Me gustaría saber su opinión a cerca del porqué del miedo a lo nuclear. ¿Qué hace que el hablar a favor de esta manera de conseguir energía haga que te expulsen de según que grupos?
Las armas nucleares son aterradoras, sin duda. Pero no más aterradoras que todas las demás armas. Matan más gente, pero esto no justifica que sean más temibles que otras. Desde el punto de vista de las víctimas, cada una es igual. Su efecto a largo plazo, por la radiación, y el hecho de que sea indetectable, añade un tono siniestro a estas armas.

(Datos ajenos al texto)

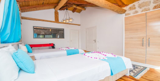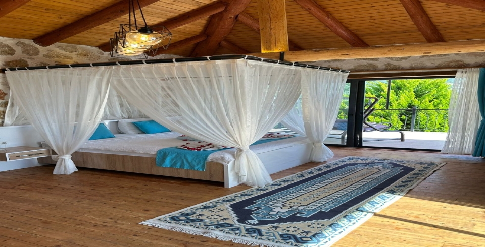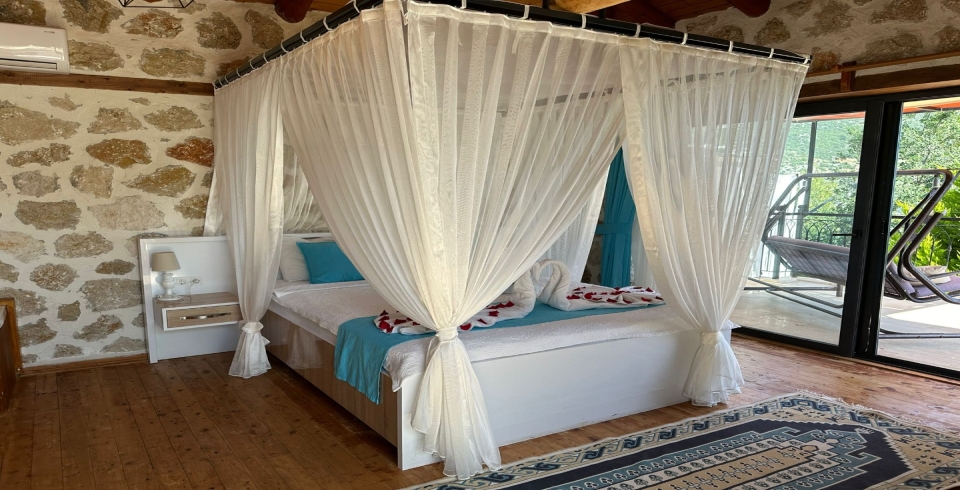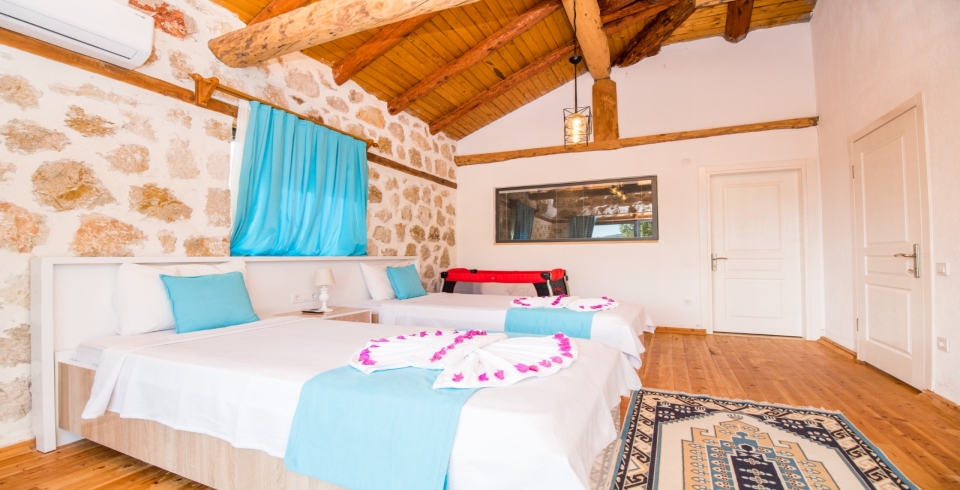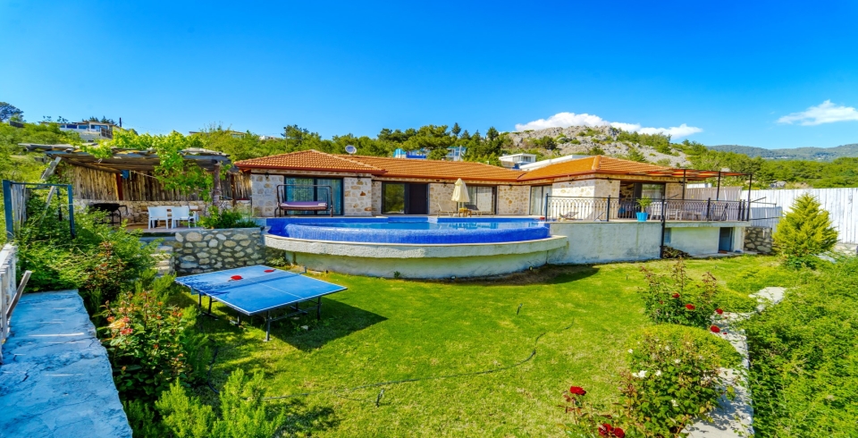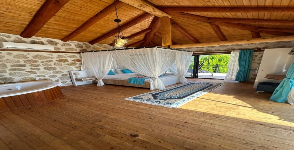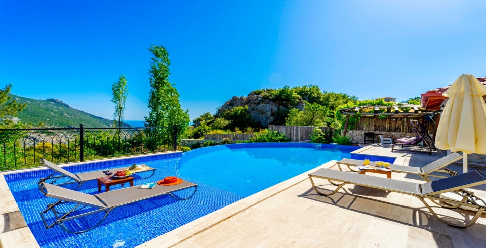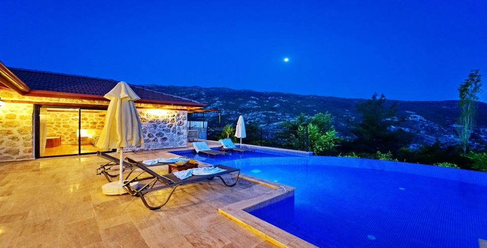Villa Naturel İslamlar, Antalya’nın gözde Kalkan bölgesi, İslamlar mevkiinde yer alıyor ve 4 kişi kapasitesiyle balayı çiftleri ya da küçük aileler için kusursuz bir kaçamak sunuyor. 2 suit yatak odası ve 2 banyosuyla ferah ve mahrem bir konaklama imkanı sağlanmakta; bir odasında jakuzi bulunuyor. Korunaklı özel havuzu, ahşap dekorasyonlu büyük bahçesi ve tahta havuz terası ile doğayla iç içe huzurlu keyif anları vaat ediyor. Modern Amerikan mutfak tam donanımlı; salon kısmında klima, rahat oturma grubu, uydu TV ve havuz terasına çıkış mevcut. Deniz manzaralı havuz kenarı terasında güneşlenmek, açık duş ve şemsiyeler gibi detaylarla tatiliniz konforlu geçecek.
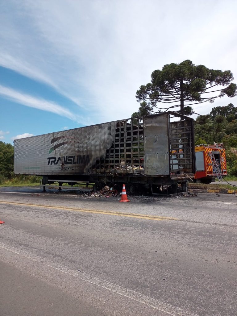 Um incêndio atingiu a carga de uma carreta na manhã desta terça-feira (4), por volta das 7h52, no km 176 da BR-282, em Bom Retiro. A ocorrência foi atendida pela guarnição do ABTR-189, do Corpo de Bombeiros Militar da OBM de Bom Retiro.
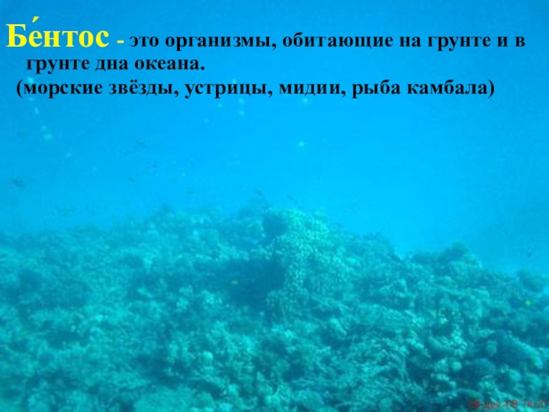 Слайд 12Бе́нтос - это организмы, обитающие на грунте и в грунте дна океана.
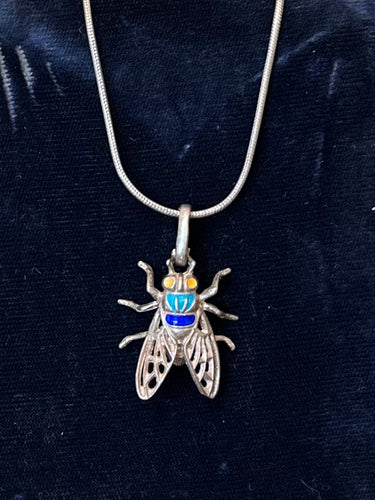 Vintage Italian 900 Silver & Enamel Fly Insect Pendant on Sterling Silver 925 Snake Chain 18.75”
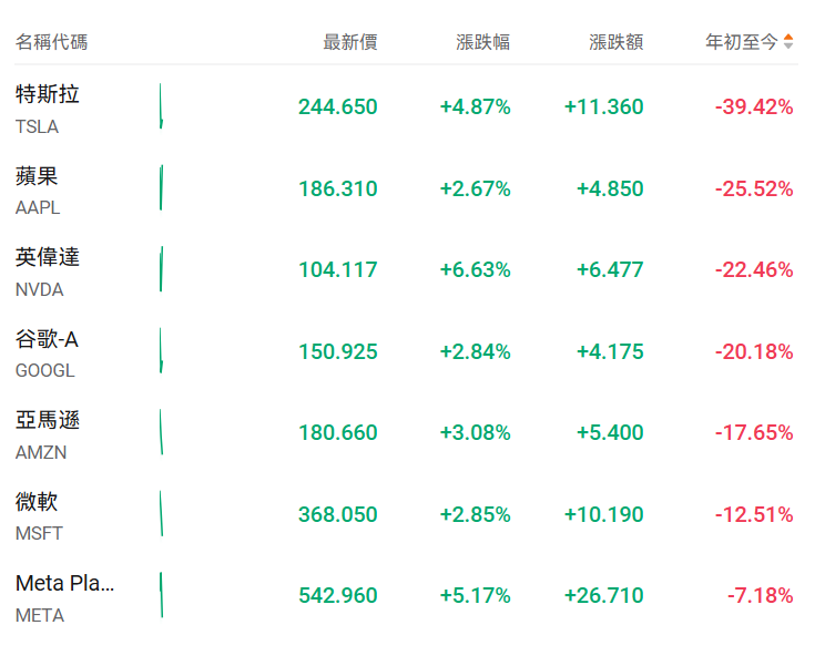 在本轮关税政策冲击下,美股七巨头中, $特斯拉 (TSLA.US)$ 年内跌幅高达40%, $苹果 (AAPL.US)$ 、 $英伟达 (NVDA.US)$ 、 $谷歌-A (GOOGL.US)$ 跌超20%, $亚马逊 (AMZN.US)$ 跌超17%, $微软 (MSFT.US)$跌超12%, $Meta Platforms (META.US)$ 跌超7%。
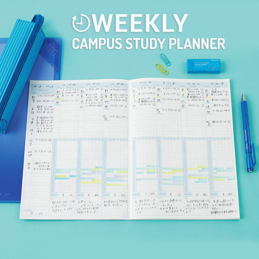 Kokuyo Campus Study Planner Notebook - A5 / B5 - WEEKLY PLANNER - 27 weeks
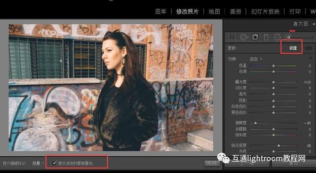 完成繪畫后,取消選中“顯示選定的蒙板疊加層”,您將可以在右側(cè)面板中調(diào)整參數(shù)時看到圖像上的變化。
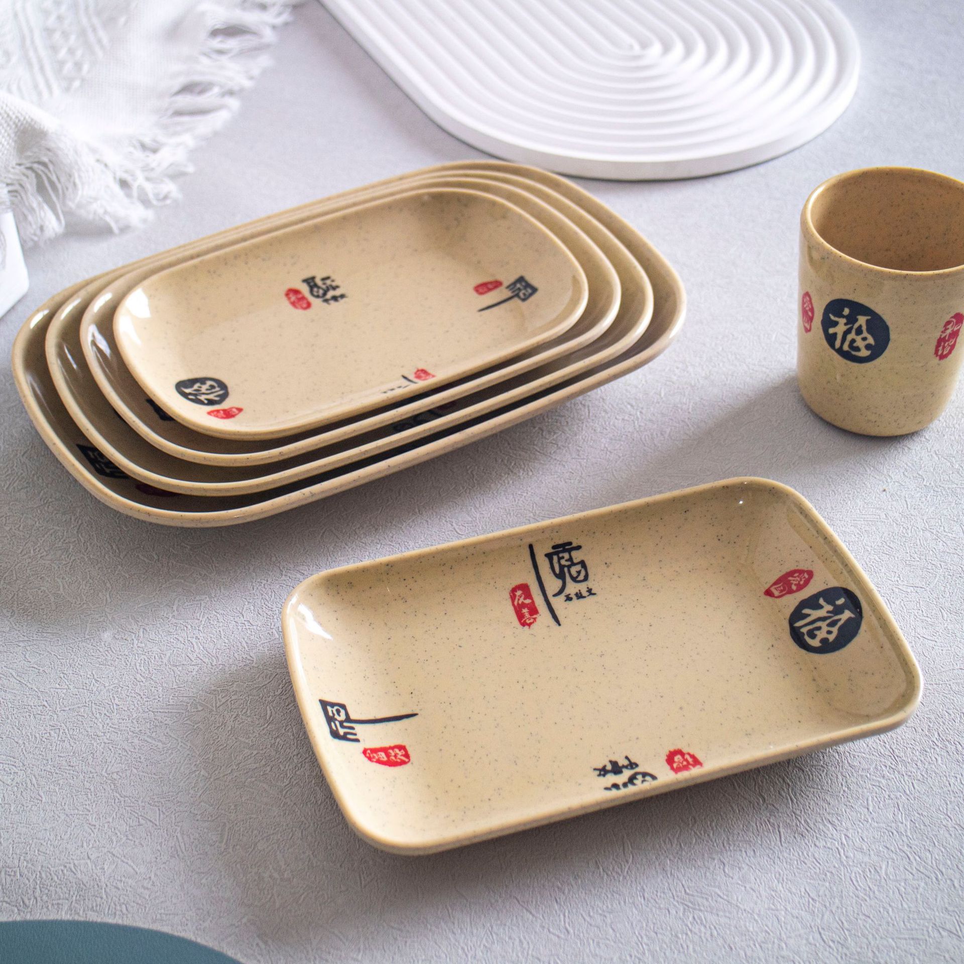 멜라민 쌀 롤 요리 중국 광장 접시 도매 쌀 긴 사각형 접시 상업 축복 단어가 두꺼워졌다 5 축복 안티 스케일링스토어 가기
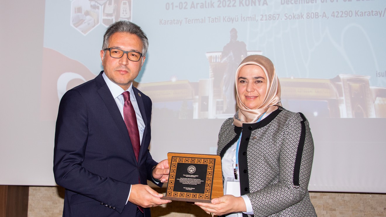 Konuşmaların ardından Sağlık Bilimleri Fakültesi Dekanı Prof. Dr. Emine Arslan; Selçuk Üniversitesi Rektörü Prof. Dr. Metin Aksoy, Rektör Yardımcısı Prof. Dr. Ahmet Tuğrul Polat, Karatay Belediye Başkanı Hasan Kılca, Karatay Termal Tatil Köyü Genel Müdürü Serkan Ersoy, Karatay Termal Tatil Köyü Satış ve Pazarlama Müdürü Burhan Yurt’a plaket takdim etti.
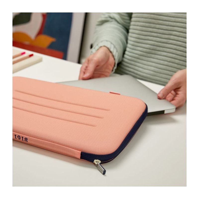 Babes handia eskaintzen duen ordenagailu eramangarri erdizurrunarentzako zorroa. 1918 seriea. MILAN ezabatzeko gomen jatorrizko kolore eta diseinuan oinarritua. Kremaileradun poltsiko batekin, kable edo osagarri elektronikoak eramateko aproposa. Barrualdea, belus-forruz hornitua, ordenagailua balizko urraduretatik babesten duena. 'Ripstop' kanpoko ehuna: arina eta hausturarekiko eta urradurekiko e

Y ante eso pierden de vista los argumentos utilizados por Estados Unidos para emplear estas armas con objeto de terminar la guerra en el Pacífico. Esto ahorra por supuesto entrar en los dilemas que representa una decisión así, o en un "usted qué haría". Si la pregunta fuera únicamente "¿Usted lanzaría una bomba atómica sobre una ciudad?" la respuesta es sencilla, por supuesto que no. Salvo que se trate de verdaderos psicópatas, hacer tal cosa por capricho sería inimaginable.
Pero la pregunta no era esa. Había un contexto donde las decisiones posibles eran todas horrendas y había que elegir el mal menor.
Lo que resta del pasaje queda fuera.